The court also determined that FACT had organizational standing under the three-prong test of NEA-Coffeyville. FACT, 268 Kan. at 810-11.

Our discussion in FACT demonstrates that interested persons' submission of written comments during a public notice and comment period and all persons' comments made during a public hearing held by an agency both qualify as participation within the meaning of the KJRA's standing requirements. In its decision in this case, the Court of Appeals correctly found that the actions of FACT were analogous to the actions of the appellants here. See Board of Sumner County Comm'rs, 38 Kan. App. 2d at 561-63.

Waste Connections argues that the Court of Appeals' reliance on FACT was unfounded because it failed to take into account the regulatory differences between the NPDES process in FACT and the landfill permit process in this case. For support of this claim, Waste Connections cites the last paragraph in FACT, where-after having determined that FACT had standing under the KJRA and NEA-Coffeyville, see 268 Kan. at 810-11-the court closed with the following observation:

"The KDHE administrative regulations support FACT's standing as a 'party.' K.A.R. 28-16-62(g) specifically governs the procedures for modifying, revoking, reissuing, and terminating NPDES permits. Any interested person may request that a permit be modified, revoked, reissued, or terminated. K.A.R. 28-16-62(g)(1) (as FACT did here). Denials of such requests are not subject to public notice, comment, or hearings. However, the regulations state that this informal process is 'a prerequisite to seeking judicial review of agency action' in denying the request. K.A.R. 28-16-62(g)(2). This is a clear indication that citizens are allowed to both comment on proposed NPDES permits and seek judicial review of permit granting." 268 Kan. at 811.

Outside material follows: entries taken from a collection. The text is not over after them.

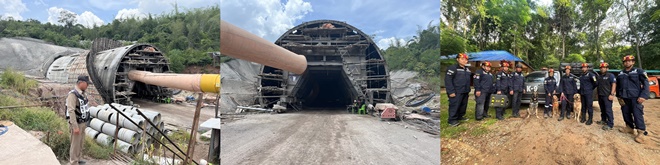 นายสุรพงษ์ กล่าวเพิ่มเติมว่า  สำหรับการกู้ภัย ปัจจุบันได้ดำเนินการดันท่อเหล็กขนาดเส้นผ่านศูนย์กลาง 1.20 เมตร ยาวท่อนละ 6 เมตรเข้าไปแล้ว 2 ท่อนและอยู่ระหว่างดำเนินการท่อที่สาม จะได้ความยาว 18 เมตร ซึ่งปัจจุบันอยู่ระหว่างรอเครื่องจักรกลที่มีประสิทธิภาพสูงมาดันท่อเหล็กดังกล่าวเพิ่ม  และดำเนินการดันท่อขนาดเล็กที่มีอุปกรณ์ตรวจจับตำแหน่ง เพื่อค้นหาตำแหน่งผู้ที่ติดค้างภายในอุโมงค์ โดยคาดว่าจะดำเนินการครบ 5-6 ท่อนภายในคืนนี้ ไม่เกินพรุ่งนี้เช้า เพื่อเพิ่มอากาศในอุโมงค์ พร้อมทั้งช่วยเหลือและค้นหาผู้ที่ติดอยู่ภายในอุโมงค์ ควบคู่กับการใช้เครื่องตรวจวัดสัญญาณชีพ และสุนัข K-9 ช่วยค้นหาผู้ประสบภัย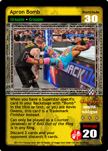When you have a Superstar-specific card in your Backstage with 'Bomb' in the title or text, or you are Kevin Owens, this card is a Trademark Finisher instead. Can only be played as a Counter (Arsenal) or if Roll Out of the Ring is in any Ring. Discard 2 cards and your opponent discards 5 cards.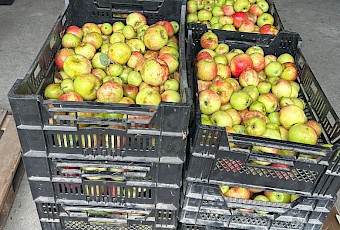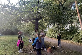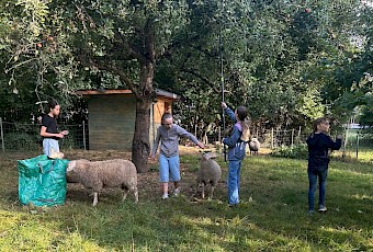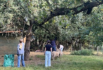 Die Garten-AG hat in Begleitung der 5 Schafe rund 300kg Äpfel geerntet. Daraus wurden ca. 175 Liter Apfelsaft gepresst.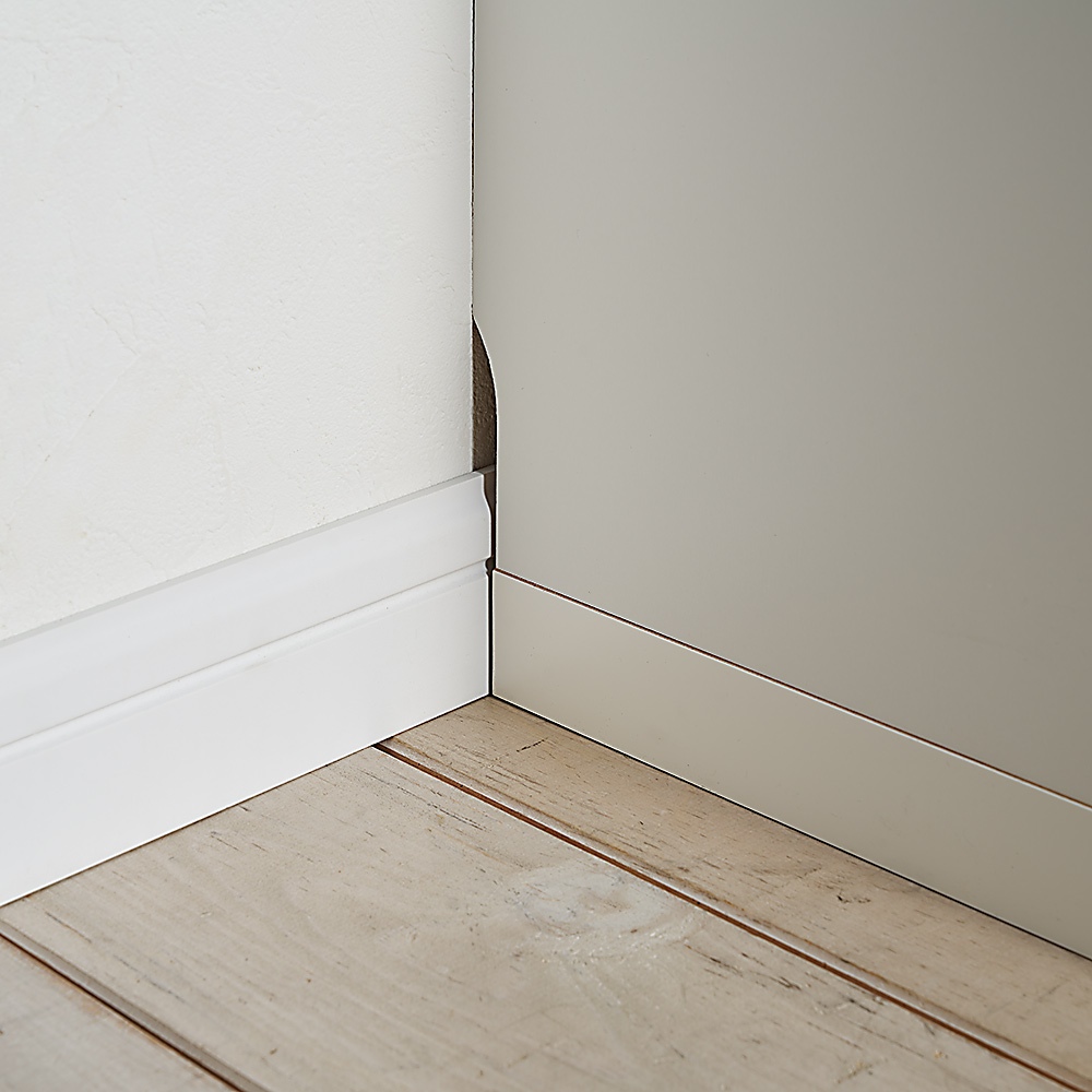9×1cmの幅木カットが施されており、壁にぴったり付けられます。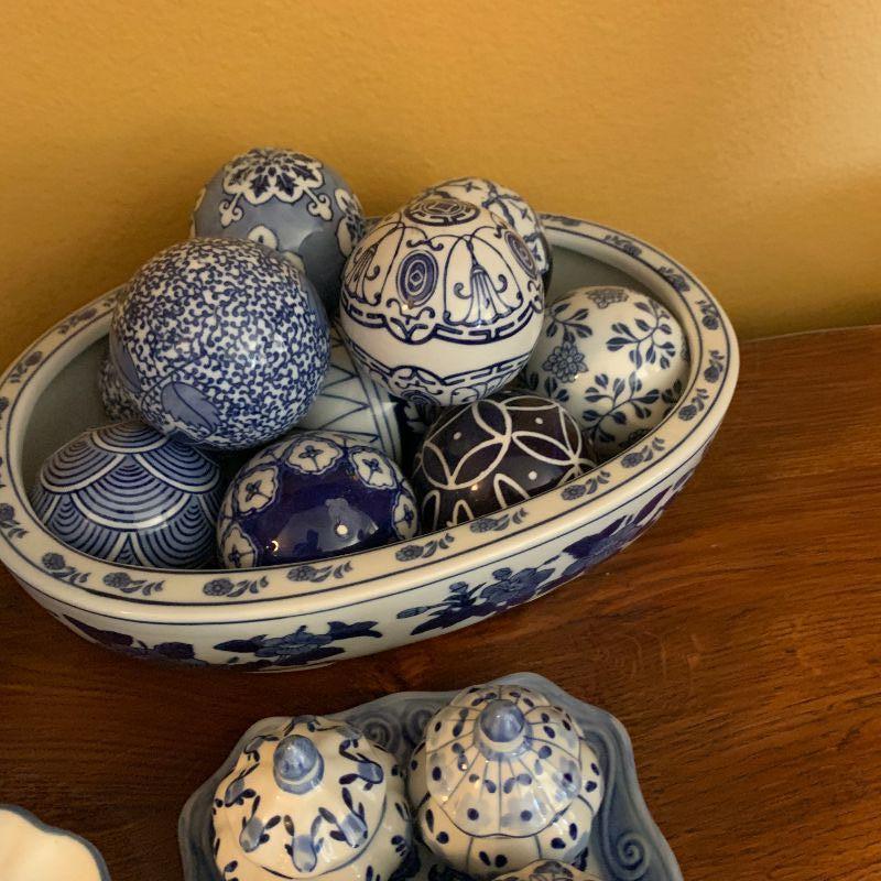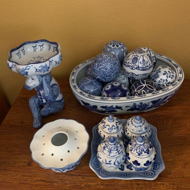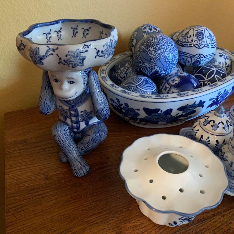 LOT 41 BLUE AND WHITE CERAMIC HOME DECOR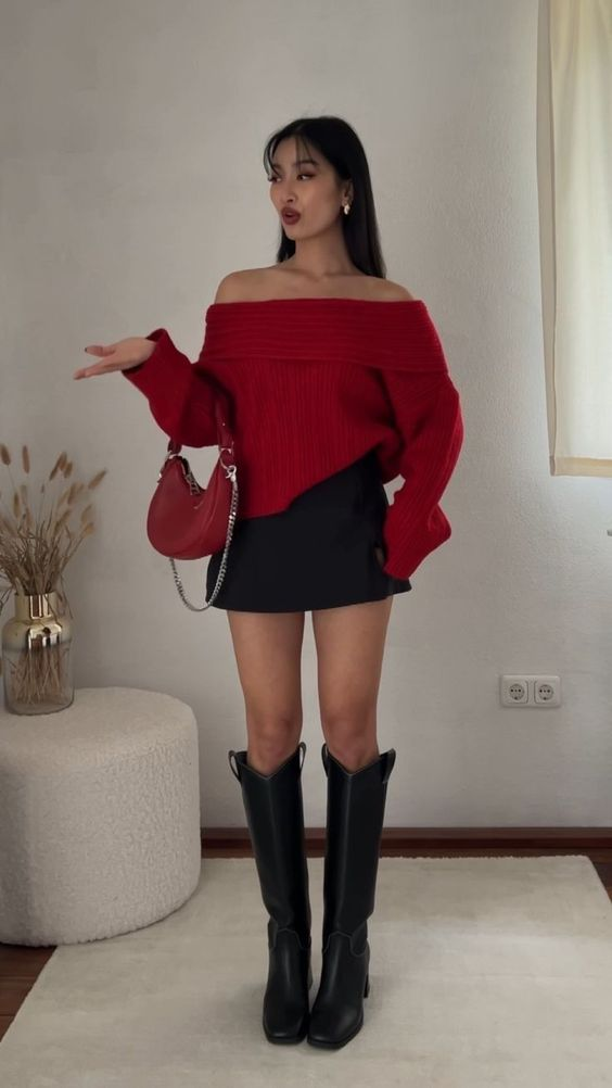This outfit brings together elegance and confidence. The off-shoulder red knit sweater highlights the neckline and adds warmth and charm. Its relaxed fit keeps the look comfortable and stylish.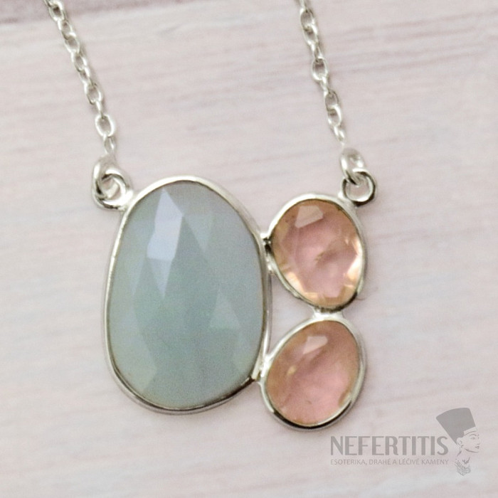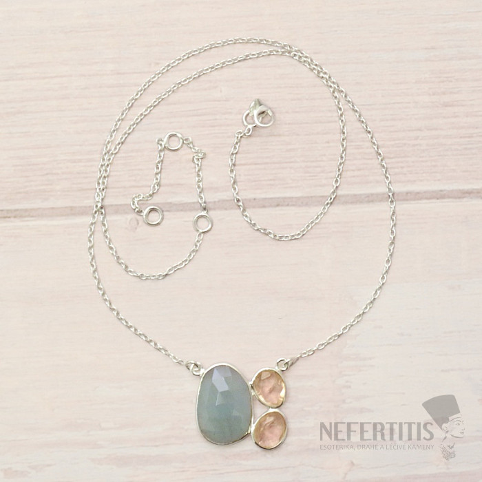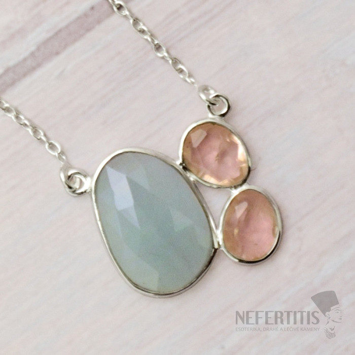 Eine außergewöhnliche Silberkette mit geschliffenem Aquamarin und Rosenquarz. Ein unverwechselbares Schmuckstück, das jeden verzaubert und an Ihnen niemand übersehen wird. Ag 925. Sie erwerben genau das abgebildete Schmuckstück.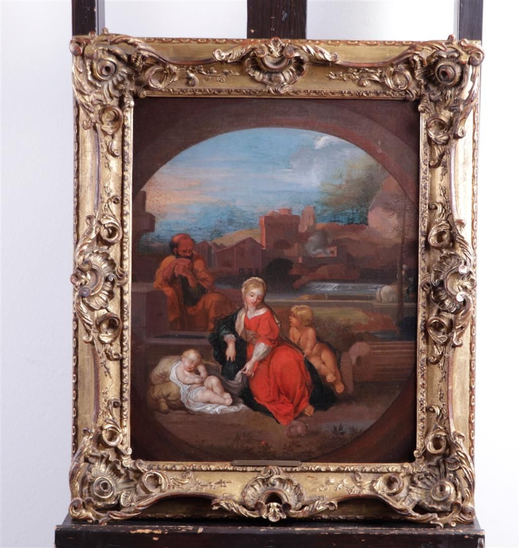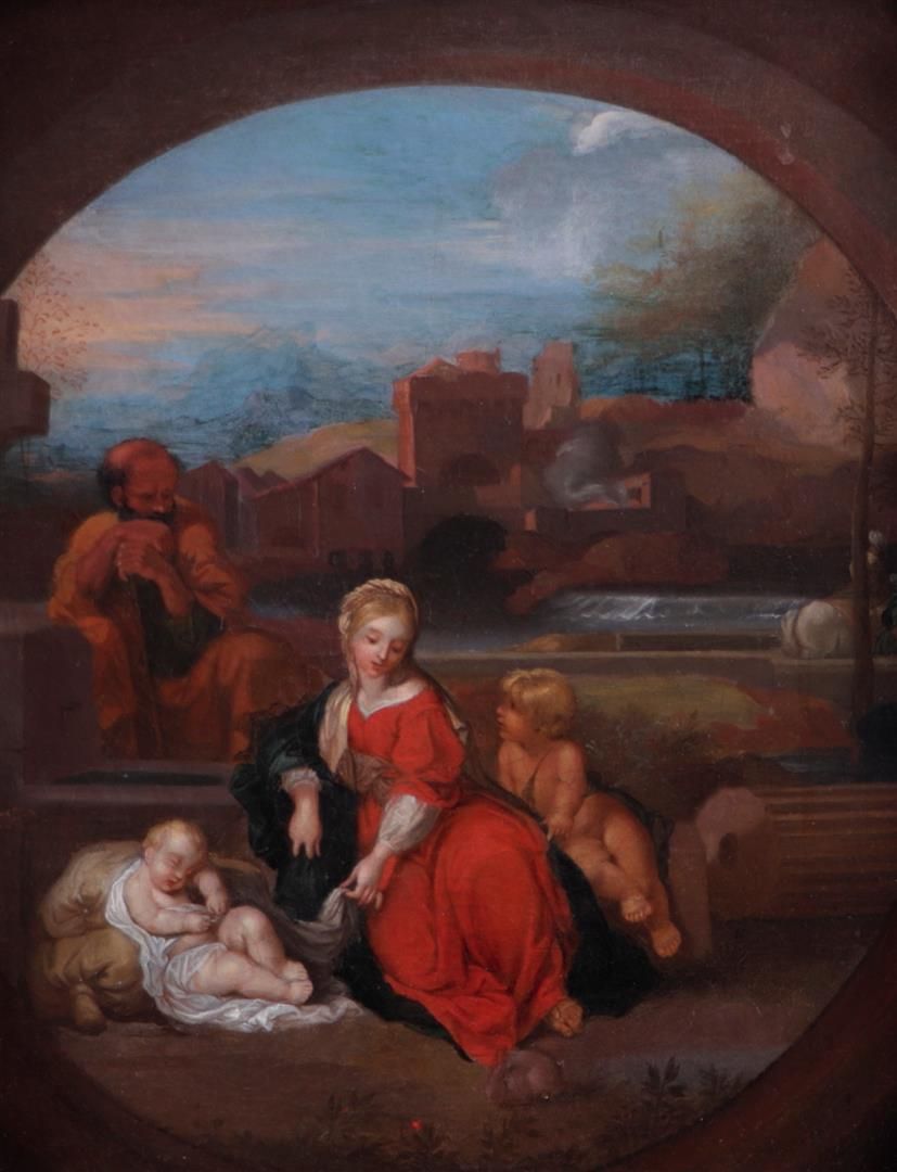 Sebeastiaan Bourdon (Montpellier 1616 - 1671 Paris), The Holy Family in an Italianate Landscape, painted in an oval. Oil on canvas.
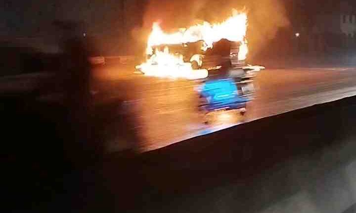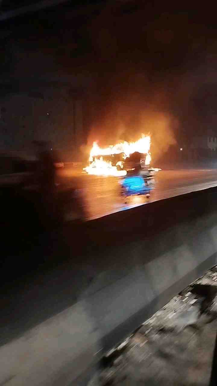 #العناية الإلهية تنقذ سائق بعد إحتراق سيارة أجرة بمنطقة #البراجيل.. فيديو

Waste Connections asserts that these observations by the court indicate its holding was based in part on the NPDES process' provision stating that "[a]ny person" may request that a permit be revoked, and such a request was a prerequisite for seeking review under the KJRA. Waste Connections points out that no such provision exists in the landfill permit process.

There are several problems with Waste Connections' interpretation of FACT. First, the above quoted language in FACT followed our determination that FACT had both standing under K.S.A. 77-611(b) and NEA-Coffeyville. See 268 Kan. at 810-11. We explained that the specific provisions of the NPDES permit process "support[ed]" our previous conclusion; we did not state that our decision in FACT was based on the particularities of that process. The Court of Appeals correctly found that this court's observations in the above quoted language were illustrative of-not inherent to-its decision. See Board of Sumner County Comm'rs, 38 Kan. App. 2d at 561-63.

In addition, Waste Connections' narrow interpretation of FACT is contrary to our previous conclusion that the term "proceeding" should be read broadly under the KJRA. Our consideration of whether a person participated in the underlying proceedings for purposes of the KJRA is guided by the particular process governing an agency action. The fact that different actions may be subject to different processes does not necessarily render participation in those processes any less meaningful for purposes of standing under the KJRA.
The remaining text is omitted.